> **The problem**: Where the line containing "Im Anschluss stand" appears, start repeating, and continue exactly through the last line below, adding nothing. Include no pictures.

> **Dataset section**:
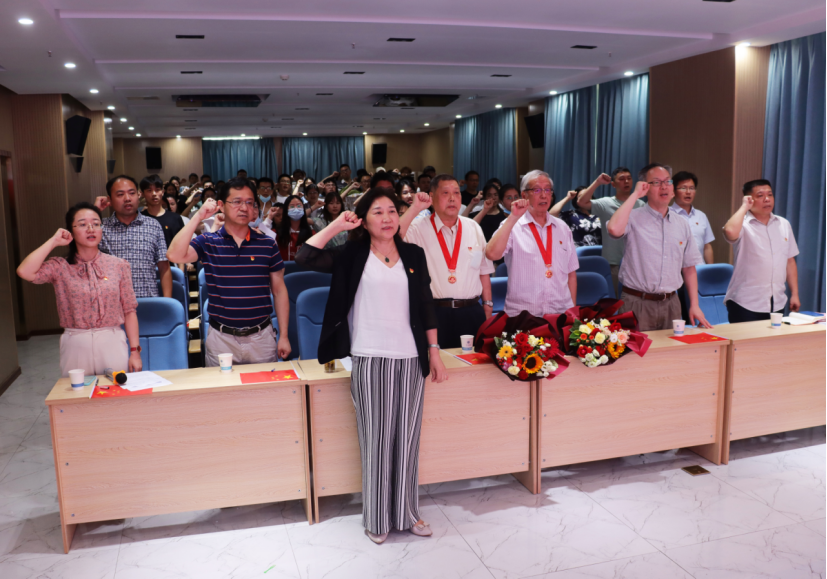在学院党委书记王雪梅的领誓下,新党员代表面向党旗庄严入党宣誓,与会全体老党员重温入党誓词。
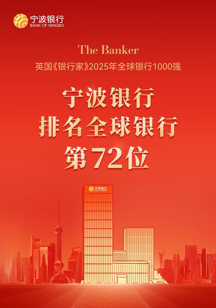 在历年发布的“全球银行1000强”榜单中,宁波银行排名逐年稳步攀升。2022年首次跨入“全球百强银行”行列,排名第87位;2023年至202年,位次提升至第82位和第80位;本年度,宁波银行排名再度攀升8位至72位,这显示出宁波银行的综合实力和核心竞争力持续增强。
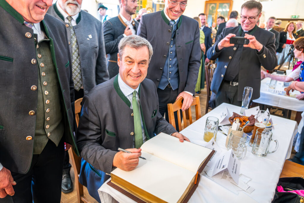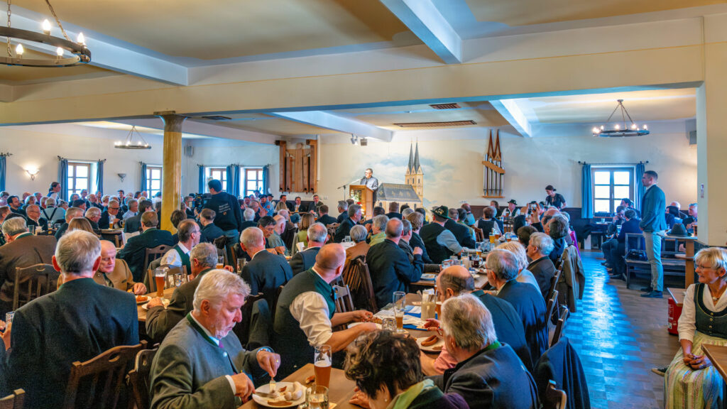 Im Anschluss stand die Zusammenkunft im Zeichen von Glaube, Gemeinschaft, Heimat und bayerischer Identität. Festredner war der Bayerische Ministerpräsident Dr. Markus Söder. Die einleitenden Worte sprach der Vereinsvorsitzende Dr. Florian Herrmann, MdL, Leiter der Bayerischen Staatskanzlei und Staatsminister für Bundesangelegenheiten und Medien. Den Abschluss übernahm der stellvertretende Vorsitzende, Landrat Otto Lederer.
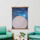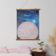 This depicts a picture of the moon being held at the tips of one's fingers. A shooting star flies across the midnight blue sky with shimmering stars lighting up the night. A very light outline of clouds rises up in the background.

> **Your solution**:
 Im Anschluss stand die Zusammenkunft im Zeichen von Glaube, Gemeinschaft, Heimat und bayerischer Identität. Festredner war der Bayerische Ministerpräsident Dr. Markus Söder. Die einleitenden Worte sprach der Vereinsvorsitzende Dr. Florian Herrmann, MdL, Leiter der Bayerischen Staatskanzlei und Staatsminister für Bundesangelegenheiten und Medien. Den Abschluss übernahm der stellvertretende Vorsitzende, Landrat Otto Lederer.
 This depicts a picture of the moon being held at the tips of one's fingers. A shooting star flies across the midnight blue sky with shimmering stars lighting up the night. A very light outline of clouds rises up in the background.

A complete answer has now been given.